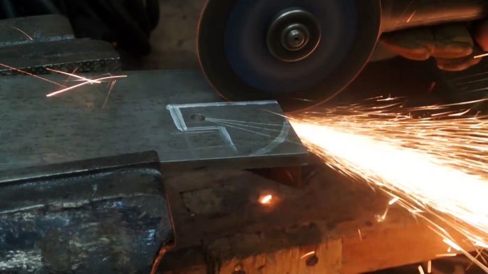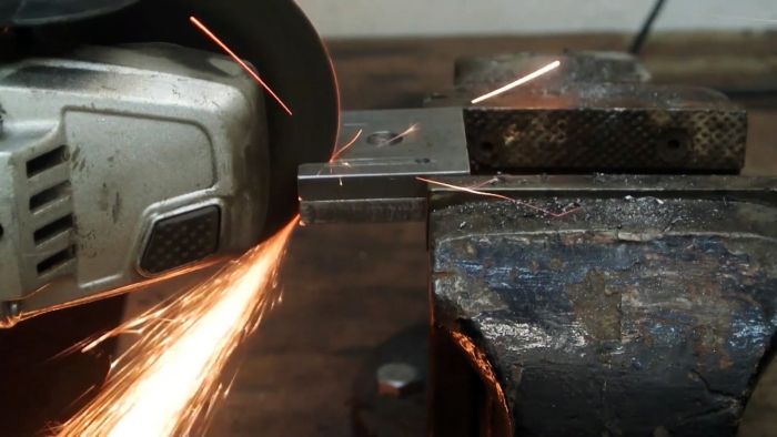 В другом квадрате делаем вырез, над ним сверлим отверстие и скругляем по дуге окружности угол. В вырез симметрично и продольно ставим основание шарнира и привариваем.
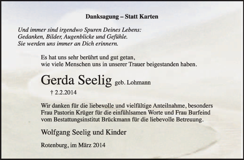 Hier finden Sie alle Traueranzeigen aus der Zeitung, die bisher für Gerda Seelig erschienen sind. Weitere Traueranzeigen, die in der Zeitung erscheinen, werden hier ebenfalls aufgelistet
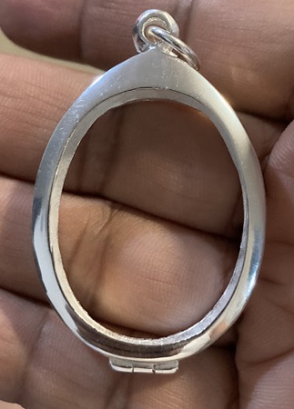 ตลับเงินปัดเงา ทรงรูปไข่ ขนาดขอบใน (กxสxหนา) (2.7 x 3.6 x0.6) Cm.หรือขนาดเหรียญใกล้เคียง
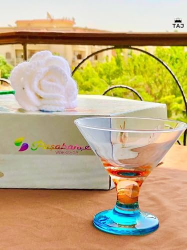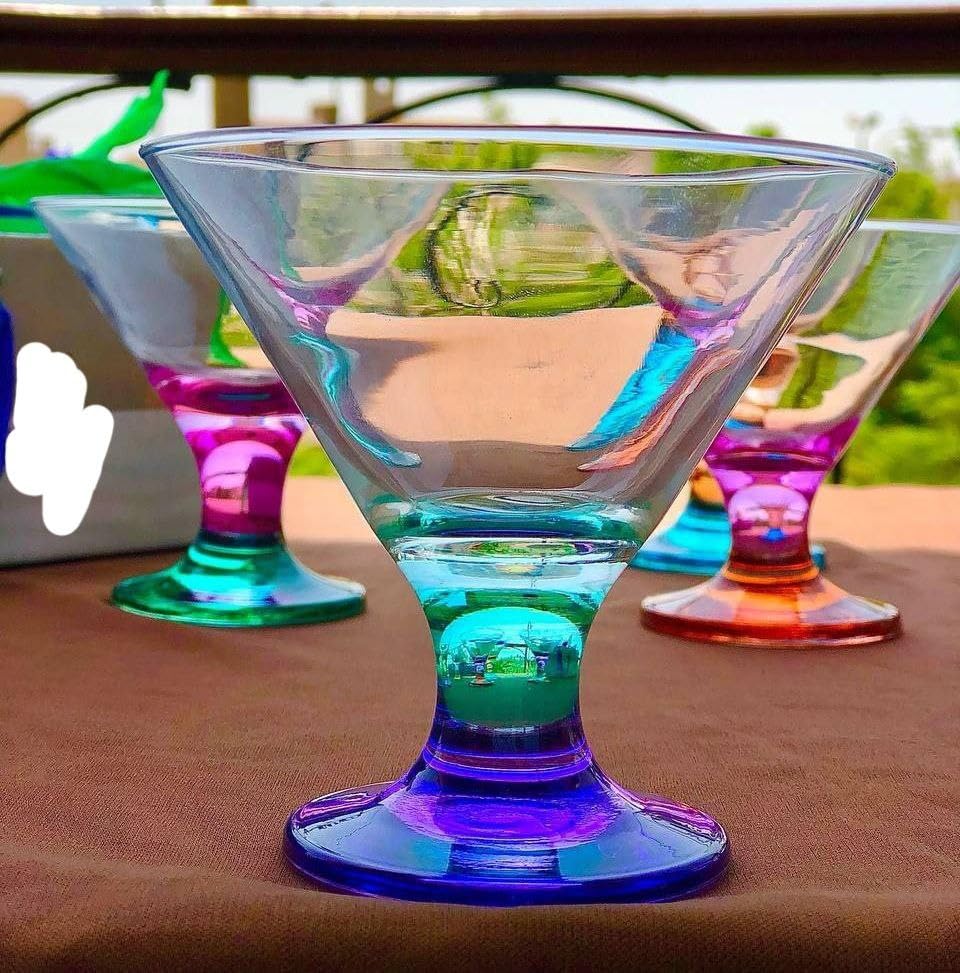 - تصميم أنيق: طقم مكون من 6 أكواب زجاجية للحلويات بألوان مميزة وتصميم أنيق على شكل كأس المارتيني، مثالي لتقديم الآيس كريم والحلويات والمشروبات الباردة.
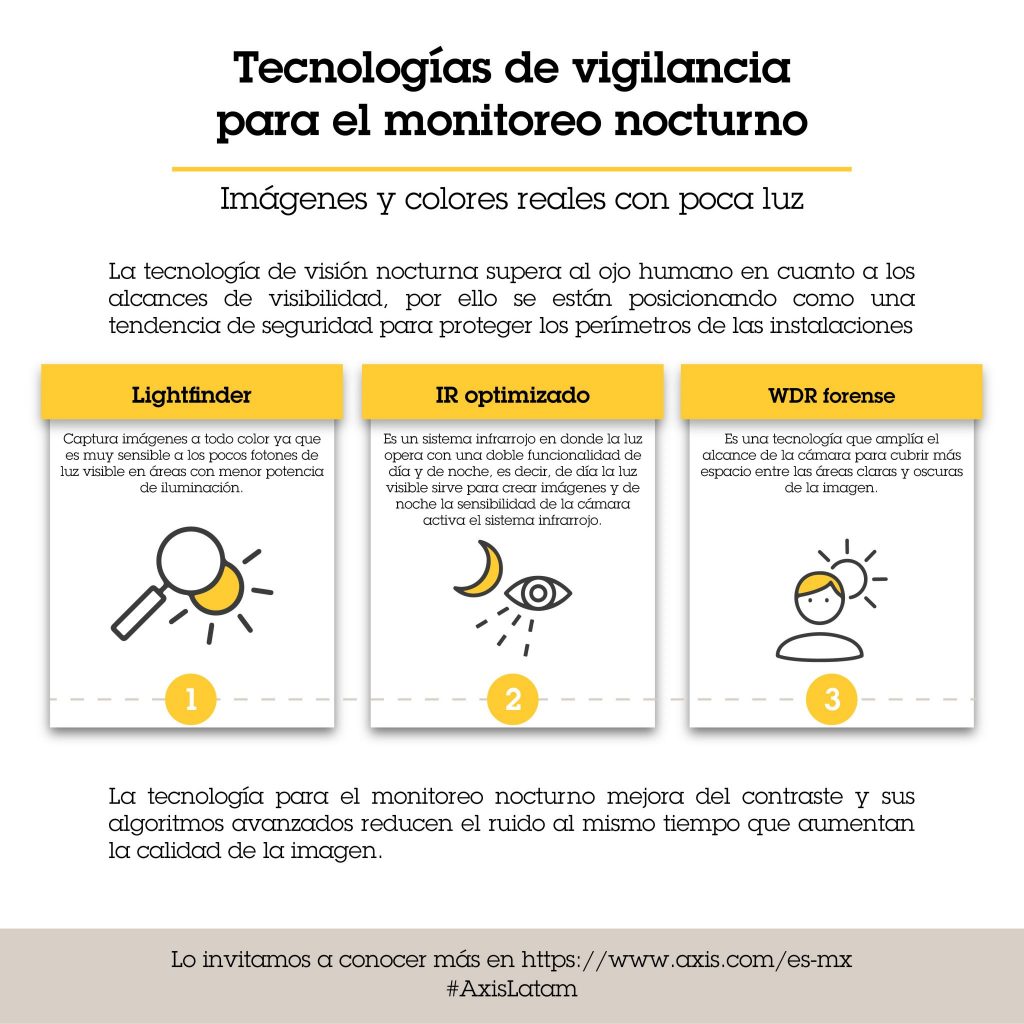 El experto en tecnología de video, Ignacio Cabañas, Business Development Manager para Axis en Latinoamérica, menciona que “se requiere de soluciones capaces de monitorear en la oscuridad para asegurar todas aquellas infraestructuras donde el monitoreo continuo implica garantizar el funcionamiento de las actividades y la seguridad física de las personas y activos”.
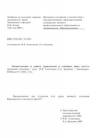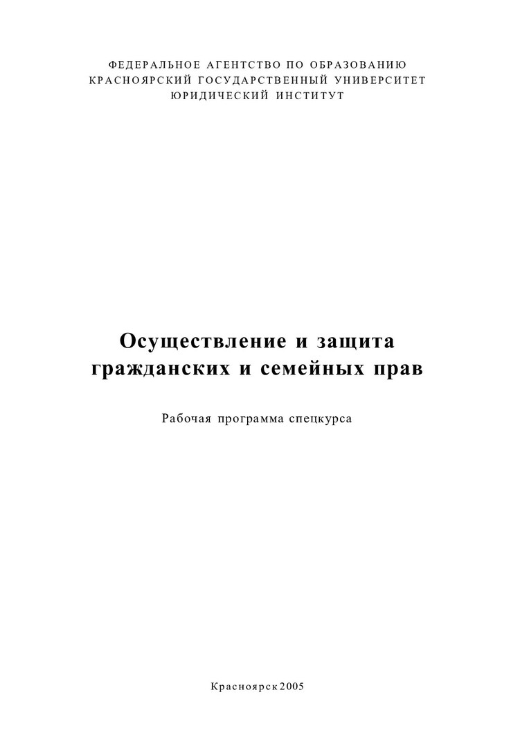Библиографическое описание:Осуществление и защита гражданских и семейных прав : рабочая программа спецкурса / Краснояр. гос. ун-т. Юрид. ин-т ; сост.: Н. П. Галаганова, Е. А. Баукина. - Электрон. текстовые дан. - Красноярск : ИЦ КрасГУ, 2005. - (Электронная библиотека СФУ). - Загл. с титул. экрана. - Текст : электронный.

^^^^^^^^^^^^^^^^

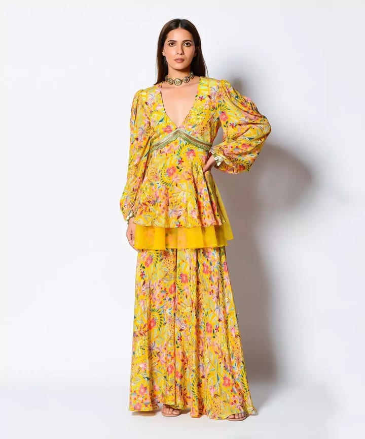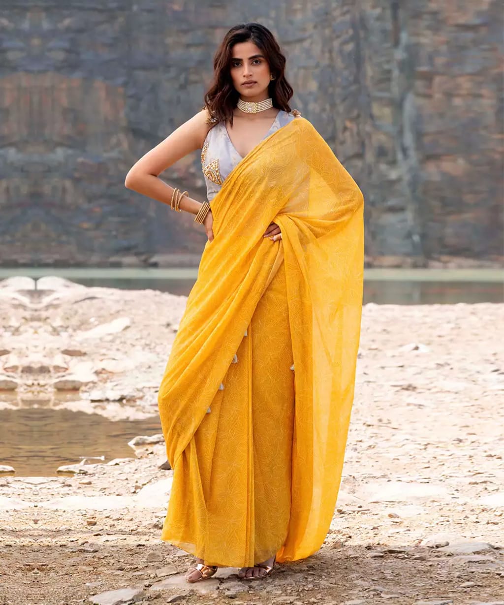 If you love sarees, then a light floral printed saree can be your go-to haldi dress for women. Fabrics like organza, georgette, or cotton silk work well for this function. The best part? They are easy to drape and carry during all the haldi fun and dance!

^^^^^^^^^^^^^^^^

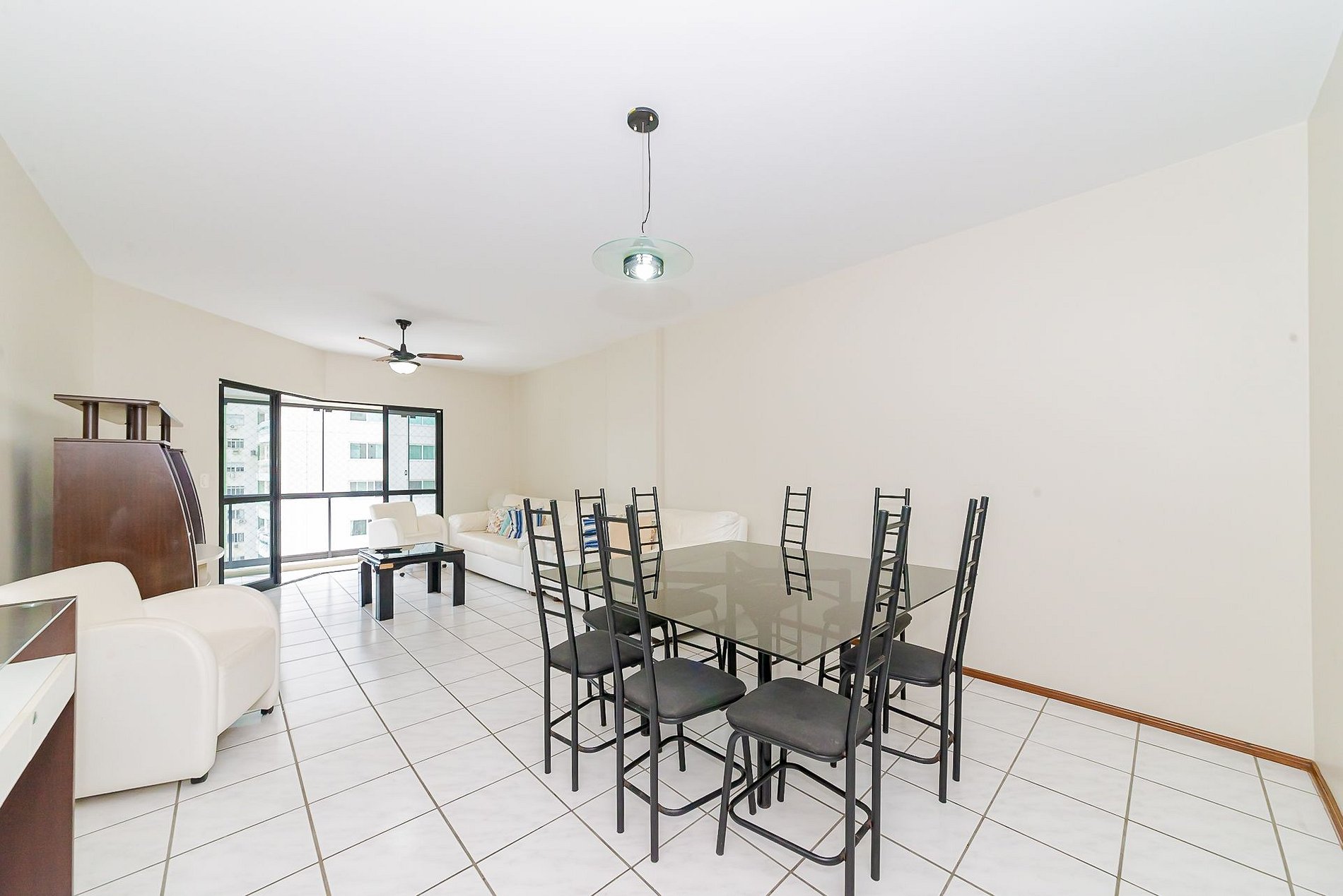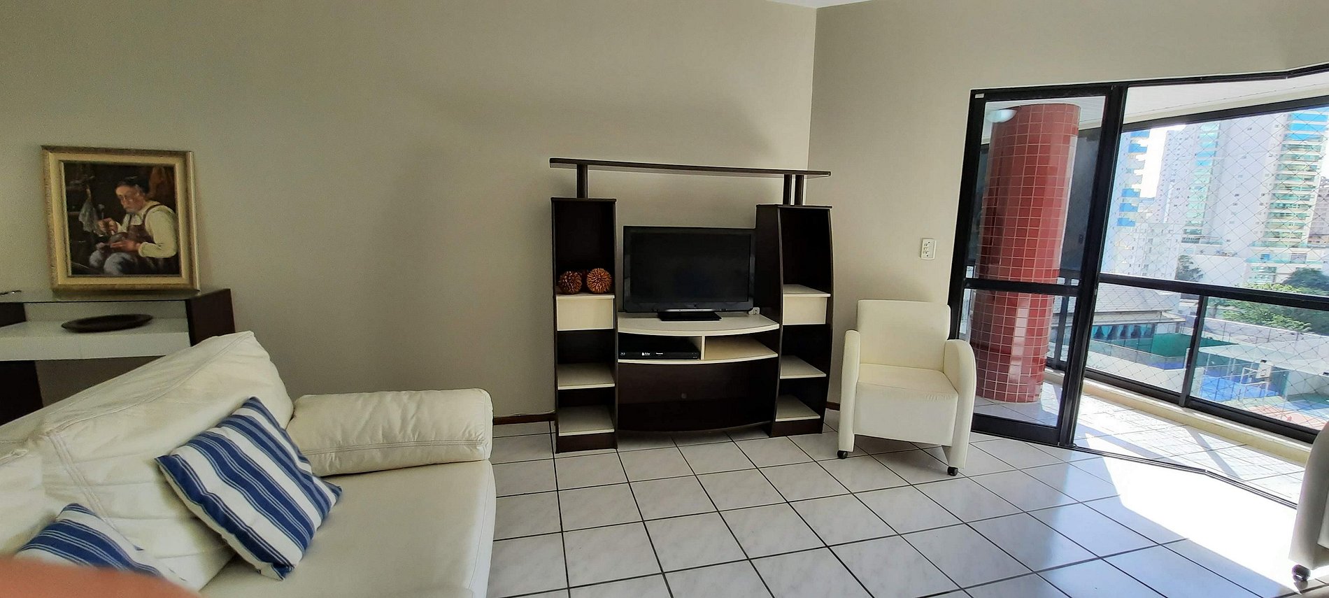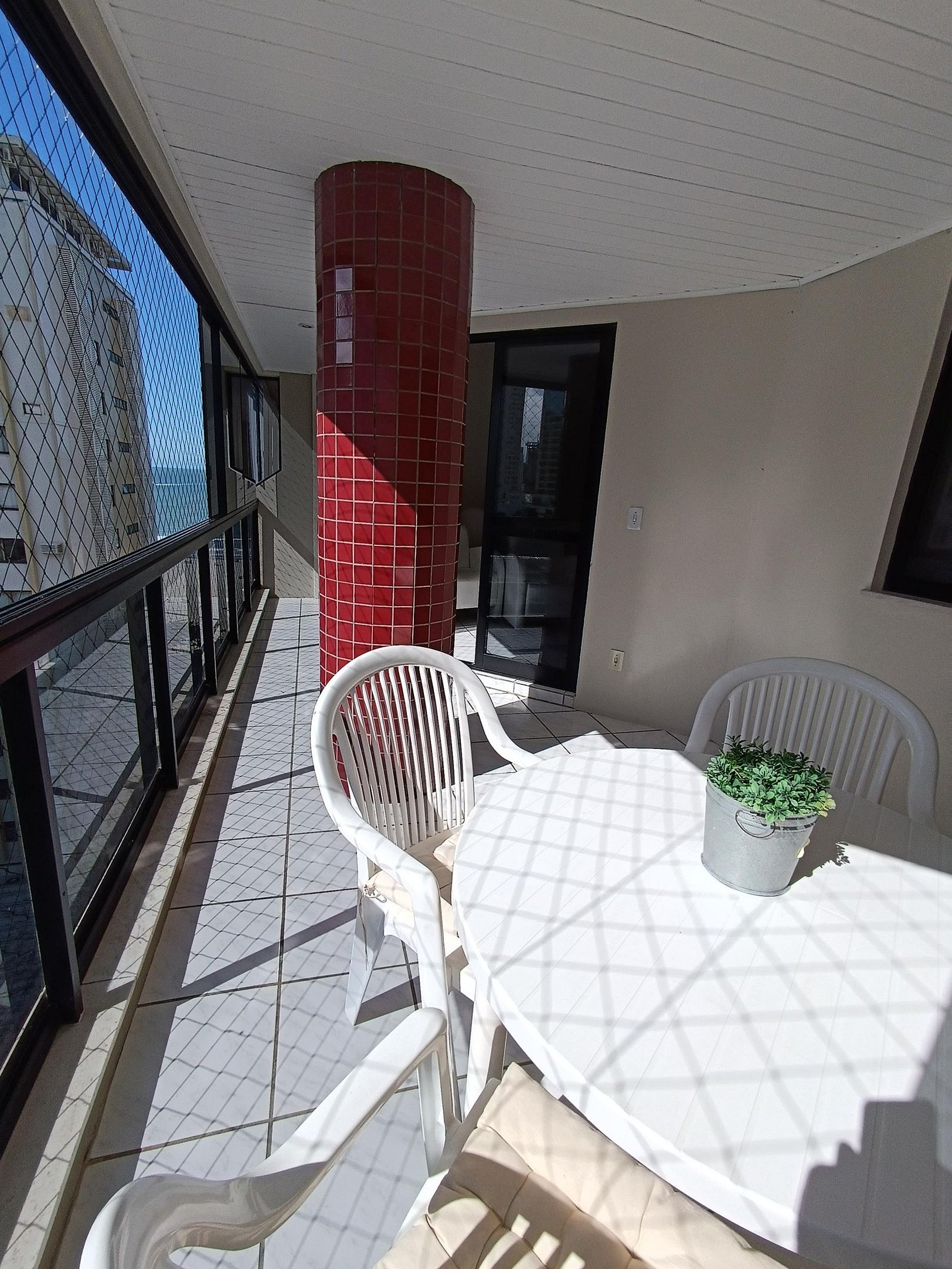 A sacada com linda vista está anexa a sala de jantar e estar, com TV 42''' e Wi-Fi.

^^^^^^^^^^^^^^^^

Your objective: Using the entries above, transcribe exactly from the line that has "- تصميم أنيق: طقم" through the line that has "Библиографическое описание:Осуществление и". Pictures are dropped.

Answer to the problem:
 - تصميم أنيق: طقم مكون من 6 أكواب زجاجية للحلويات بألوان مميزة وتصميم أنيق على شكل كأس المارتيني، مثالي لتقديم الآيس كريم والحلويات والمشروبات الباردة.
 El experto en tecnología de video, Ignacio Cabañas, Business Development Manager para Axis en Latinoamérica, menciona que “se requiere de soluciones capaces de monitorear en la oscuridad para asegurar todas aquellas infraestructuras donde el monitoreo continuo implica garantizar el funcionamiento de las actividades y la seguridad física de las personas y activos”.
Библиографическое описание:Осуществление и защита гражданских и семейных прав : рабочая программа спецкурса / Краснояр. гос. ун-т. Юрид. ин-т ; сост.: Н. П. Галаганова, Е. А. Баукина. - Электрон. текстовые дан. - Красноярск : ИЦ КрасГУ, 2005. - (Электронная библиотека СФУ). - Загл. с титул. экрана. - Текст : электронный.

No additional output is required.